WHAT THIS TASK INVOLVES :: The line containing "Kæderne måler: 41" marks the end: copy exactly every line from the start of the records below up to and including it, leaving out pictures.

(SOURCE DATA begins)

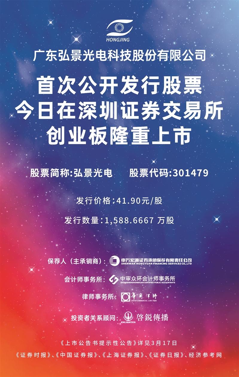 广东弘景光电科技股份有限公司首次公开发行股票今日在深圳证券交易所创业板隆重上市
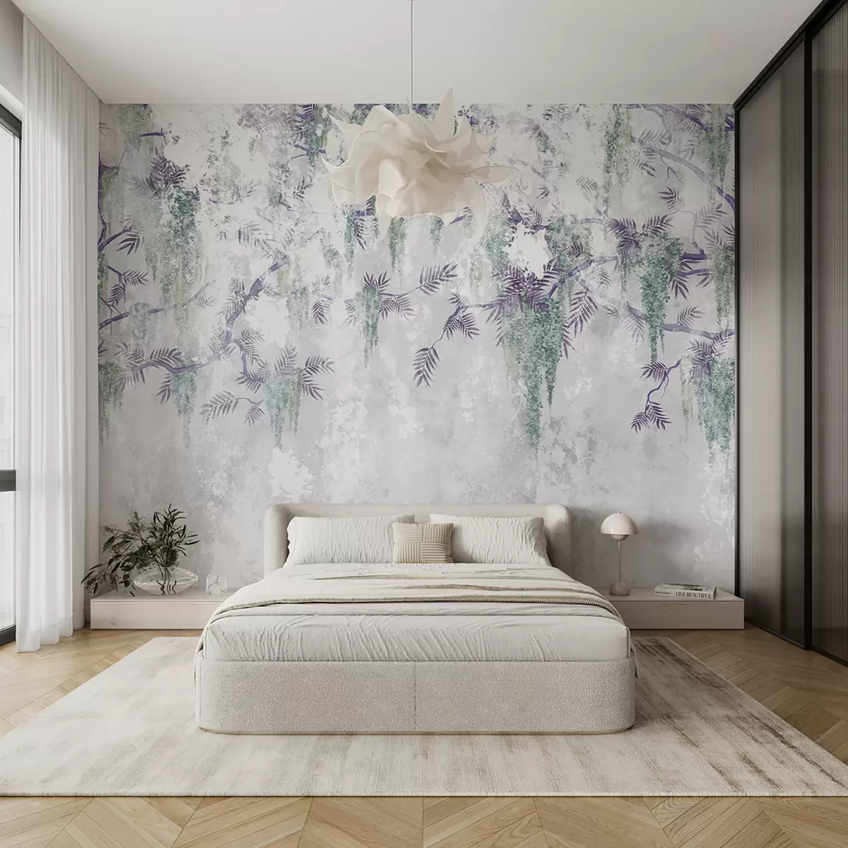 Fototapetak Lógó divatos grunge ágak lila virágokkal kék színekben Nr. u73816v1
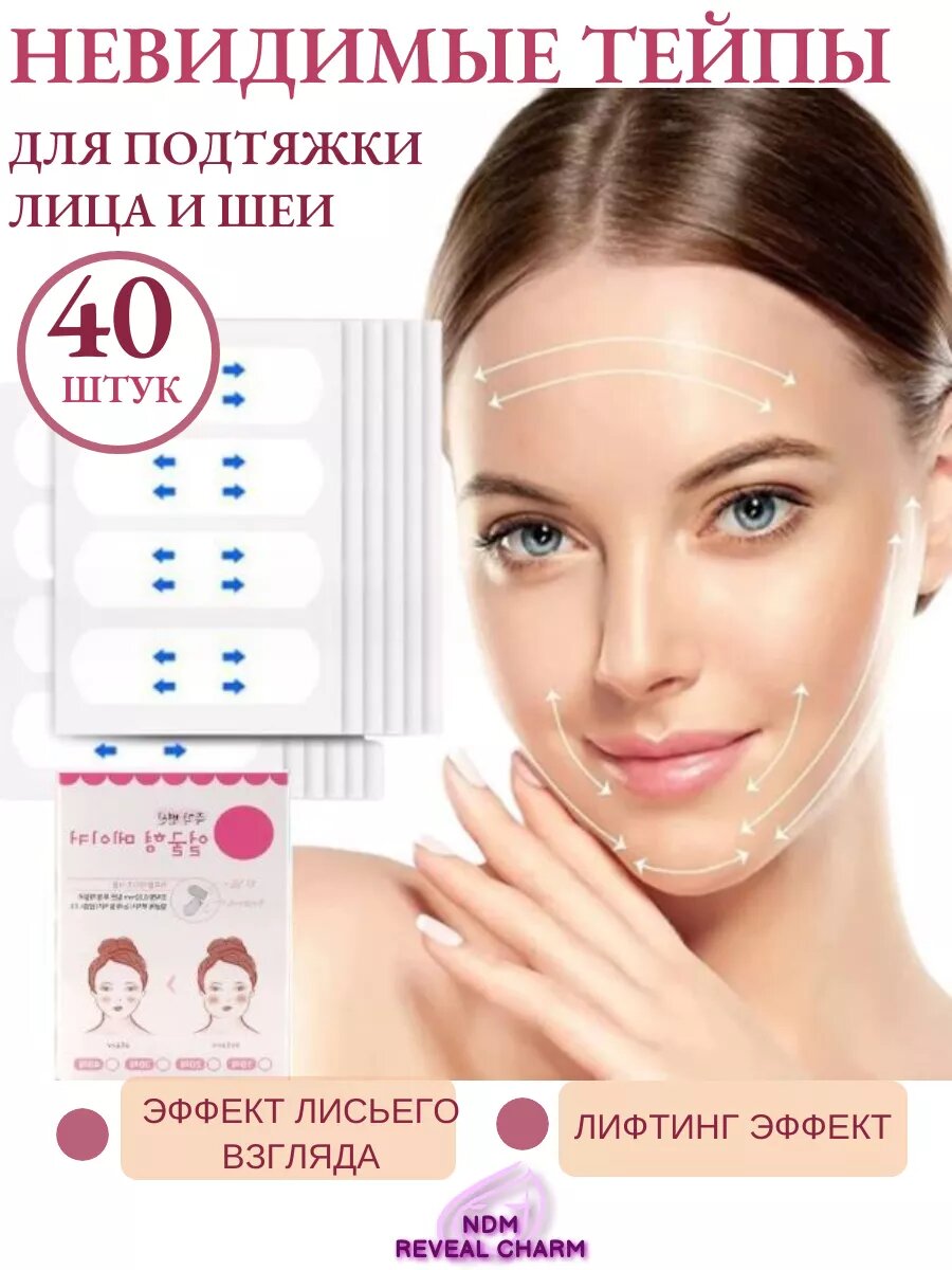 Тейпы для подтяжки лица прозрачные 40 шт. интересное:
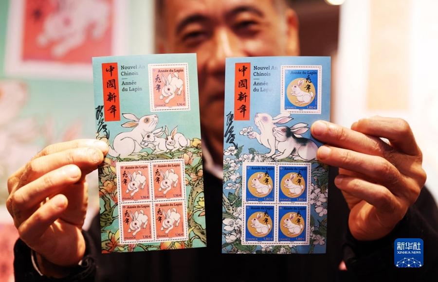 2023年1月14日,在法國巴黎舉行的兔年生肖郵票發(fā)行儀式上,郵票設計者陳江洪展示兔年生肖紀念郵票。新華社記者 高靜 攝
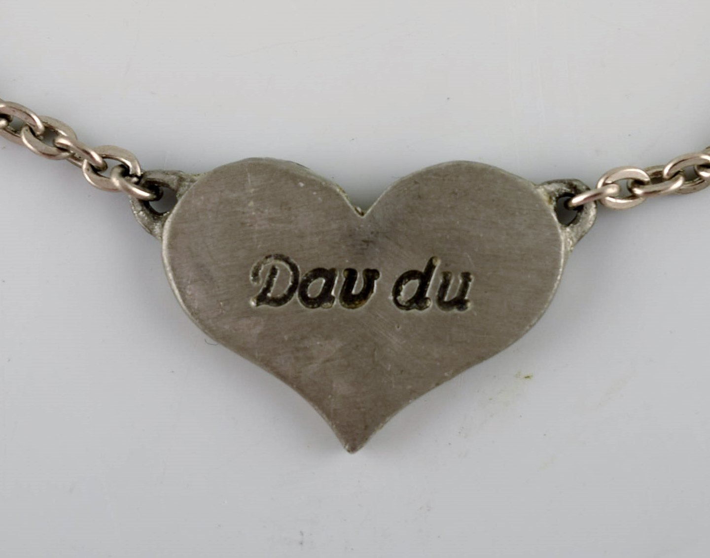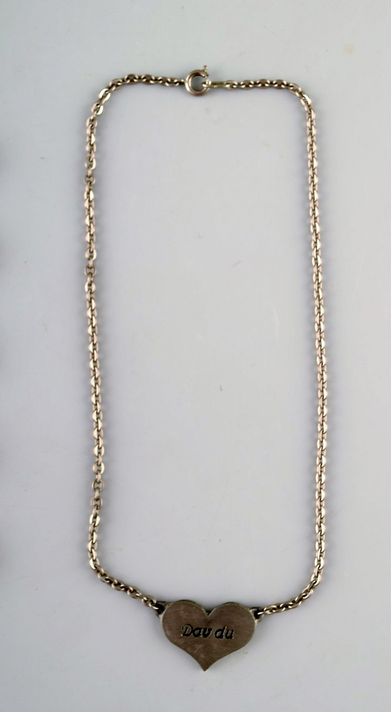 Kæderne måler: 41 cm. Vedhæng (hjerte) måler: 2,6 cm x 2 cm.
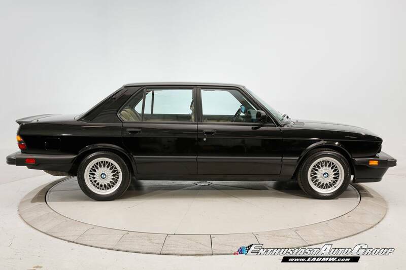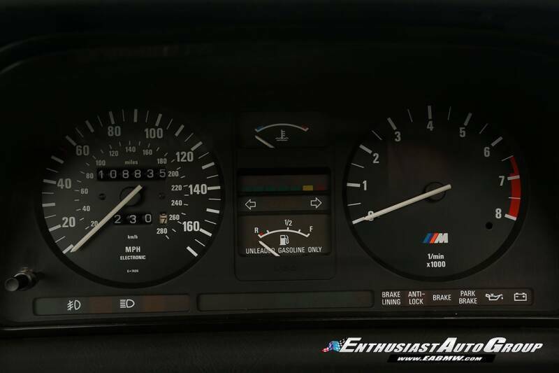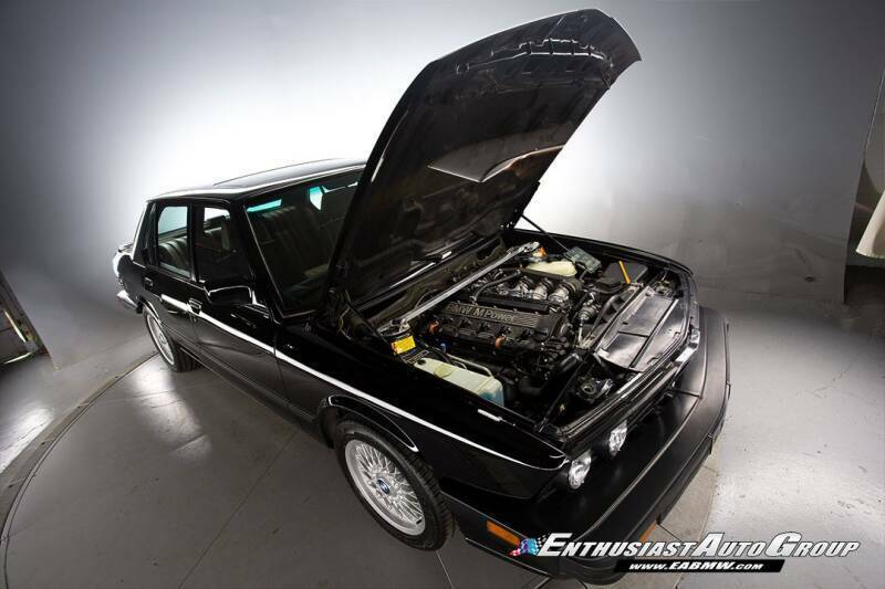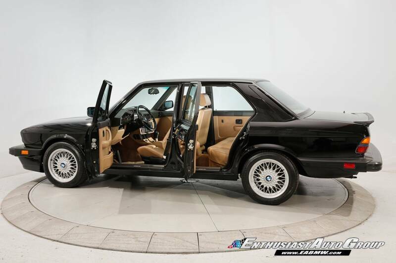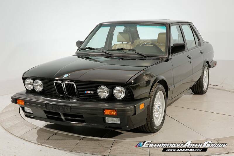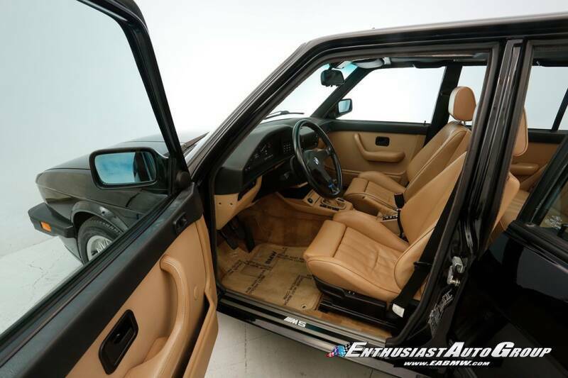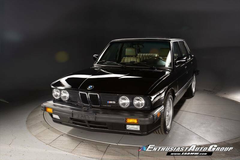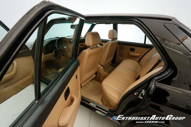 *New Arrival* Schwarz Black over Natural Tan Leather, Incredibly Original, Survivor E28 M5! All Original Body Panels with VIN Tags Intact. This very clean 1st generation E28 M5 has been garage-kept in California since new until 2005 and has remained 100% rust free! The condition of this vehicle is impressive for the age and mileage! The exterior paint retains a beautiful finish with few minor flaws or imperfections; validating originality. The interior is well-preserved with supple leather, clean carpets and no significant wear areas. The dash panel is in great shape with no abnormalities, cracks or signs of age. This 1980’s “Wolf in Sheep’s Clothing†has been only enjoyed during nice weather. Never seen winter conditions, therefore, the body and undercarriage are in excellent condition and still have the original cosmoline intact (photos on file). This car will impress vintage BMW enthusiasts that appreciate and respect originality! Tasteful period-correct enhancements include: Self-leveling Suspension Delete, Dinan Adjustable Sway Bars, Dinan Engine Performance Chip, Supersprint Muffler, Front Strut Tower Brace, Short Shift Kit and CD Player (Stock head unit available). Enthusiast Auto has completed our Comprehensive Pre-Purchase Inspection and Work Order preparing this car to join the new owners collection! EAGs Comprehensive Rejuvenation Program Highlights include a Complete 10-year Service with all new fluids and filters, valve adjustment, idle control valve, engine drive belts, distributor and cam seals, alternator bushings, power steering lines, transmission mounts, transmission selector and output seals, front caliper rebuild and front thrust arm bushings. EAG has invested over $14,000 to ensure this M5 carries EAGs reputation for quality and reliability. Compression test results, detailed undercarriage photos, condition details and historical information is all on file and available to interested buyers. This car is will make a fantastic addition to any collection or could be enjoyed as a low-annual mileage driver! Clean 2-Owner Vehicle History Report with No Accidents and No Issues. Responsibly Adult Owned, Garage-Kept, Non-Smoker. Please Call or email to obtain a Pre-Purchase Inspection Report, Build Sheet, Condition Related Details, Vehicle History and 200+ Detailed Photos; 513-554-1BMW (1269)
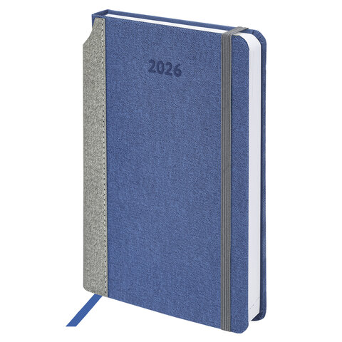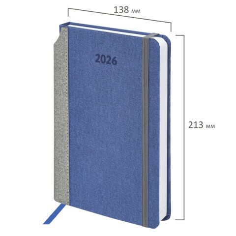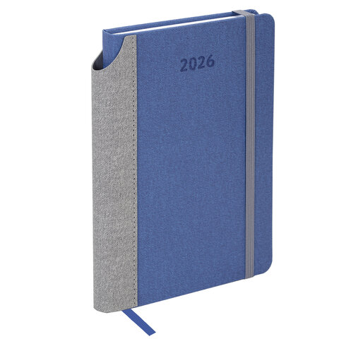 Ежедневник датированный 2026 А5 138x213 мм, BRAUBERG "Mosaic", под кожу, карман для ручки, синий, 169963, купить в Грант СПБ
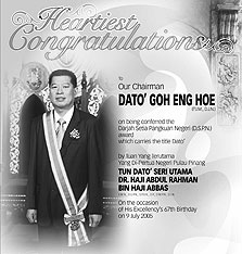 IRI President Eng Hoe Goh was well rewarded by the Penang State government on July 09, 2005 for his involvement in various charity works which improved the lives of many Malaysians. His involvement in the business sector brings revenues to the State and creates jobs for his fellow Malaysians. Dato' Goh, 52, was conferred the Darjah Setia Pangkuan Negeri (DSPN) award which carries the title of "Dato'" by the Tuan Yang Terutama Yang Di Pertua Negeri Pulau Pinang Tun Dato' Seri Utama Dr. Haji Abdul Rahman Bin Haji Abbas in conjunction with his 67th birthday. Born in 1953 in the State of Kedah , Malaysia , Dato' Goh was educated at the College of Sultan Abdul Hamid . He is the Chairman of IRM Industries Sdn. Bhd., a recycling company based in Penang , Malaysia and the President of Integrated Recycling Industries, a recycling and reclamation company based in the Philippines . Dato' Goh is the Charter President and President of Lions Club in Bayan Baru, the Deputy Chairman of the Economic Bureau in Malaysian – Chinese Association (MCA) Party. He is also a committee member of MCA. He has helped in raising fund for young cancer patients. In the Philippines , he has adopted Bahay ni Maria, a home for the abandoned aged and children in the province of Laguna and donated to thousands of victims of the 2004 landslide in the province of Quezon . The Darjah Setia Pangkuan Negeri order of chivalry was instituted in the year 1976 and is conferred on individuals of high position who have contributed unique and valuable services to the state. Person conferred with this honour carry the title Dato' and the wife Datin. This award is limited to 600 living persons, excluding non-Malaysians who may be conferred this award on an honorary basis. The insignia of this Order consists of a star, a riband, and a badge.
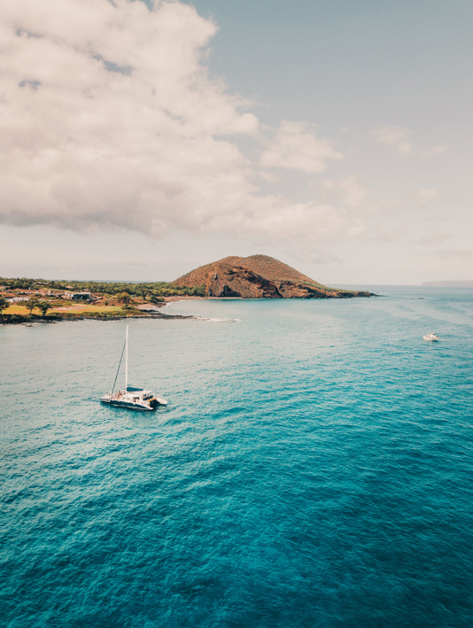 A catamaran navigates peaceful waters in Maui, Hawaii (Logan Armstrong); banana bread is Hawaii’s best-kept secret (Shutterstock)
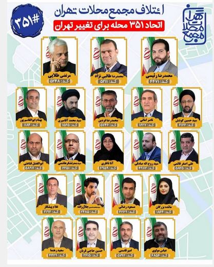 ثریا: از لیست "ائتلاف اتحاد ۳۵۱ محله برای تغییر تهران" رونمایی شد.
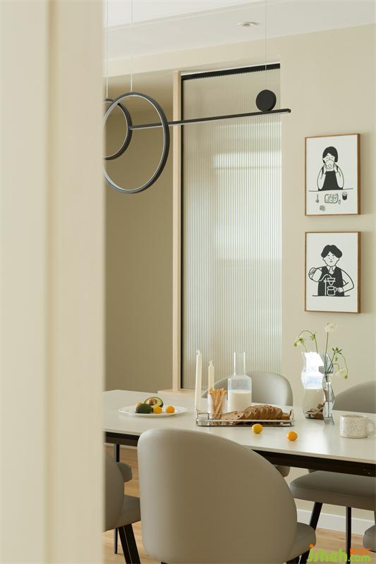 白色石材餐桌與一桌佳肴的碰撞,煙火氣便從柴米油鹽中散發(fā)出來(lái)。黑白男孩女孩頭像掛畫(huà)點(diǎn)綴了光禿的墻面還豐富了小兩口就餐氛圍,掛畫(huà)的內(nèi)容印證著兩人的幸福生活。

(SOURCE DATA ends)

SOLUTION ::
 广东弘景光电科技股份有限公司首次公开发行股票今日在深圳证券交易所创业板隆重上市
 Fototapetak Lógó divatos grunge ágak lila virágokkal kék színekben Nr. u73816v1
 Тейпы для подтяжки лица прозрачные 40 шт. интересное:
 2023年1月14日,在法國巴黎舉行的兔年生肖郵票發(fā)行儀式上,郵票設計者陳江洪展示兔年生肖紀念郵票。新華社記者 高靜 攝
 Kæderne måler: 41 cm. Vedhæng (hjerte) måler: 2,6 cm x 2 cm.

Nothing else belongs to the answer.